TASK DIRECTIONS
Return only that part of the material below which starts with the line containing "Ve všech místnostech" and goes on through the line containing "Mittels der SET", restated exactly.

RECORDS
--- START ---

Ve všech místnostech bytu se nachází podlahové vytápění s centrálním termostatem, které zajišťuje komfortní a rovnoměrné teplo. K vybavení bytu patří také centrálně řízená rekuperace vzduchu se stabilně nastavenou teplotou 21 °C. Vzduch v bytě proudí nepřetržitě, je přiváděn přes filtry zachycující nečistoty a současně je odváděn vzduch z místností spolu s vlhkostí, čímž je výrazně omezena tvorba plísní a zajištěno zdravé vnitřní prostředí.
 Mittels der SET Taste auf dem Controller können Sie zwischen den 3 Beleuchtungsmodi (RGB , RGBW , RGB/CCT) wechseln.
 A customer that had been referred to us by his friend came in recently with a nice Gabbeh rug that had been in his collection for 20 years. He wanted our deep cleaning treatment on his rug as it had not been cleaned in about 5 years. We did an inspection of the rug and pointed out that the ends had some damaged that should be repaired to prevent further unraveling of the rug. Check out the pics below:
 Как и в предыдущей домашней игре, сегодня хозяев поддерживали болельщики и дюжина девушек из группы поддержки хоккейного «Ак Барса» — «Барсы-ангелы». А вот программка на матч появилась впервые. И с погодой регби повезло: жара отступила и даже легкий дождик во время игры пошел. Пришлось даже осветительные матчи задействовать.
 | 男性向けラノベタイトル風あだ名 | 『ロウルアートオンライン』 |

--- END ---
--- START ---

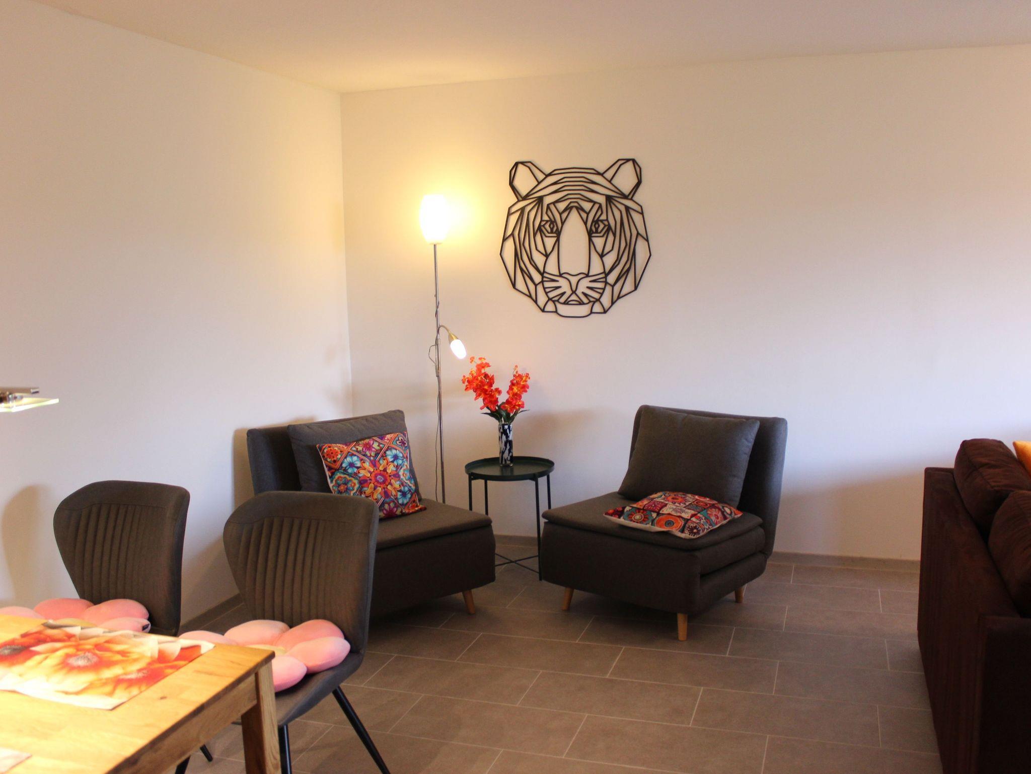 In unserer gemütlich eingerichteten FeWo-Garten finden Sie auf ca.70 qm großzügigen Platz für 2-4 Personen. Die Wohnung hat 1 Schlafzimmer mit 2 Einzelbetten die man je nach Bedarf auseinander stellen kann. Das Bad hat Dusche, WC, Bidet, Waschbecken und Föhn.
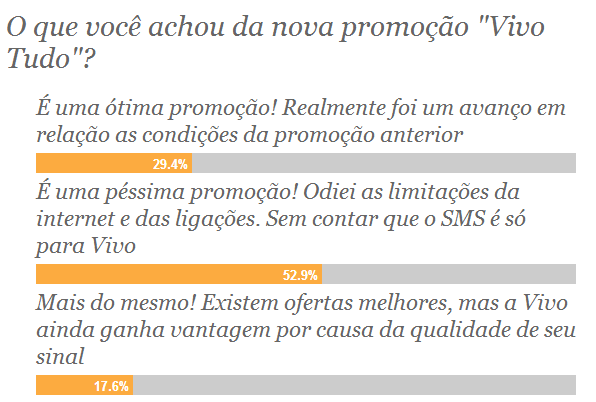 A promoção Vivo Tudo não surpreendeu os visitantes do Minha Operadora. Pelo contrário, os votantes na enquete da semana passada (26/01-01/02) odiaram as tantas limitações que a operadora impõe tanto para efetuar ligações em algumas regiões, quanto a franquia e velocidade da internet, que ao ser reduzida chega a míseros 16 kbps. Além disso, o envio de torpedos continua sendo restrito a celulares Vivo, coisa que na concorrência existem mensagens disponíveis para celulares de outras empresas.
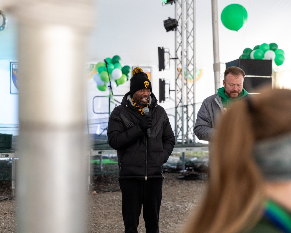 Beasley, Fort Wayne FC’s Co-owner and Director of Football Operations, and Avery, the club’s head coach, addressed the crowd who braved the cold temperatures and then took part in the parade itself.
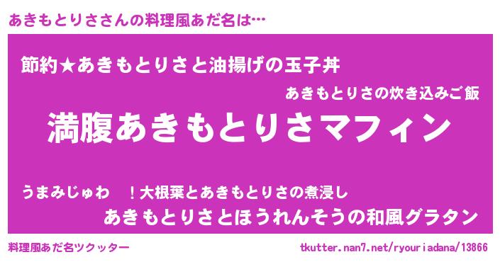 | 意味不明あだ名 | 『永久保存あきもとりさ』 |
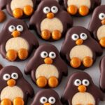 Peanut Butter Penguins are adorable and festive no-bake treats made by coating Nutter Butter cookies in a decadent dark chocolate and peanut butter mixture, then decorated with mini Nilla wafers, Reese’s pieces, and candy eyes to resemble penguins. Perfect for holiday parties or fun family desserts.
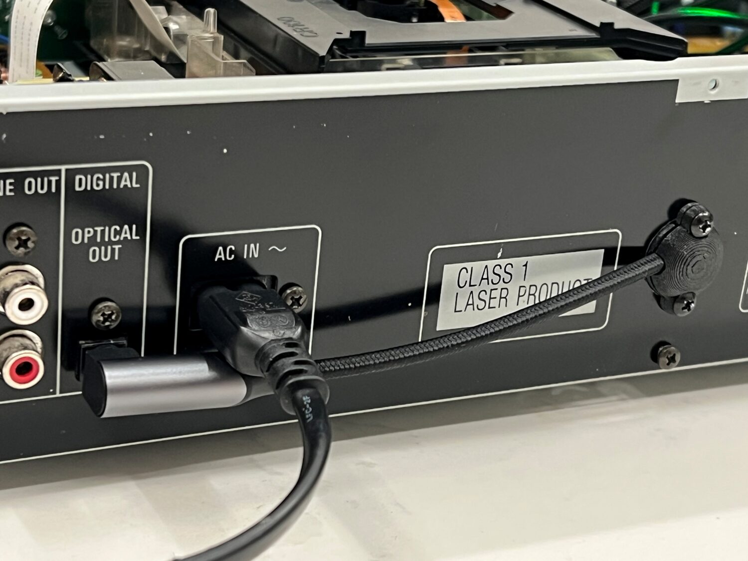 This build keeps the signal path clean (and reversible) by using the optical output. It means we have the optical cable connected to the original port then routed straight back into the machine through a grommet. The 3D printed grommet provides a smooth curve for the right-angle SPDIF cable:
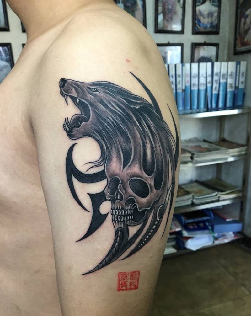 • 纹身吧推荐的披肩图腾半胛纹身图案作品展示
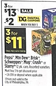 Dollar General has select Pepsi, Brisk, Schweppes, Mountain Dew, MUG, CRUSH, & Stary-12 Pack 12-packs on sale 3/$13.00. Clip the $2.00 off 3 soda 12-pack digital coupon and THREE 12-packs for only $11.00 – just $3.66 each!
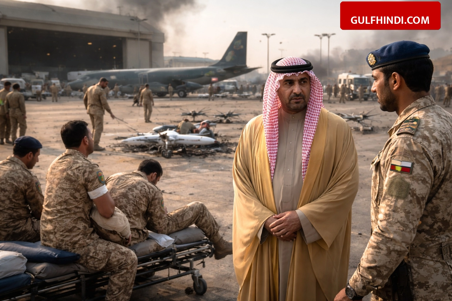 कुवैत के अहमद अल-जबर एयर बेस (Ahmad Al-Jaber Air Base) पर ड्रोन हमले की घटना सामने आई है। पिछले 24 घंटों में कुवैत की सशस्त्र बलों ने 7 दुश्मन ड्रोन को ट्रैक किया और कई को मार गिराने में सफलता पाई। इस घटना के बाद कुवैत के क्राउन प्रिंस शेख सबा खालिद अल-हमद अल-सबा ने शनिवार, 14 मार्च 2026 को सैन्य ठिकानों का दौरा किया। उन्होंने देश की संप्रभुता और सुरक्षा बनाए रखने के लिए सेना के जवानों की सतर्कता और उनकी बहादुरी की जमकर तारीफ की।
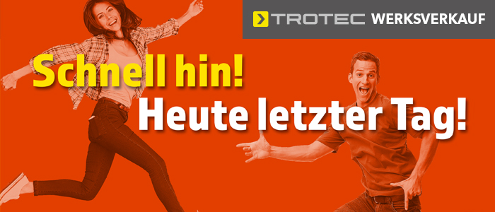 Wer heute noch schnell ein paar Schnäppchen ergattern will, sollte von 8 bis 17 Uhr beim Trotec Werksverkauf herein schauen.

--- END ---
--- START ---

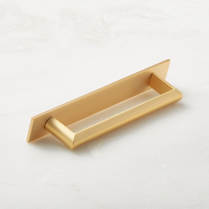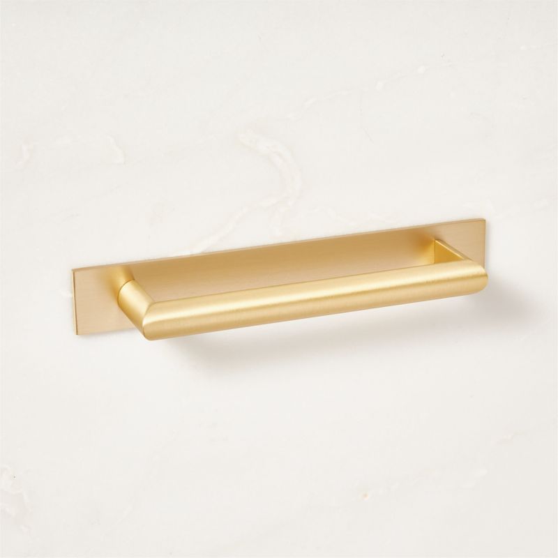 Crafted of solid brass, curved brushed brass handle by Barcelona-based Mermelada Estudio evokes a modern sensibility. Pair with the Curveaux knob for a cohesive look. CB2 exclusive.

--- END ---

YOUR RESPONSE
Ve všech místnostech bytu se nachází podlahové vytápění s centrálním termostatem, které zajišťuje komfortní a rovnoměrné teplo. K vybavení bytu patří také centrálně řízená rekuperace vzduchu se stabilně nastavenou teplotou 21 °C. Vzduch v bytě proudí nepřetržitě, je přiváděn přes filtry zachycující nečistoty a současně je odváděn vzduch z místností spolu s vlhkostí, čímž je výrazně omezena tvorba plísní a zajištěno zdravé vnitřní prostředí.
 Mittels der SET Taste auf dem Controller können Sie zwischen den 3 Beleuchtungsmodi (RGB , RGBW , RGB/CCT) wechseln.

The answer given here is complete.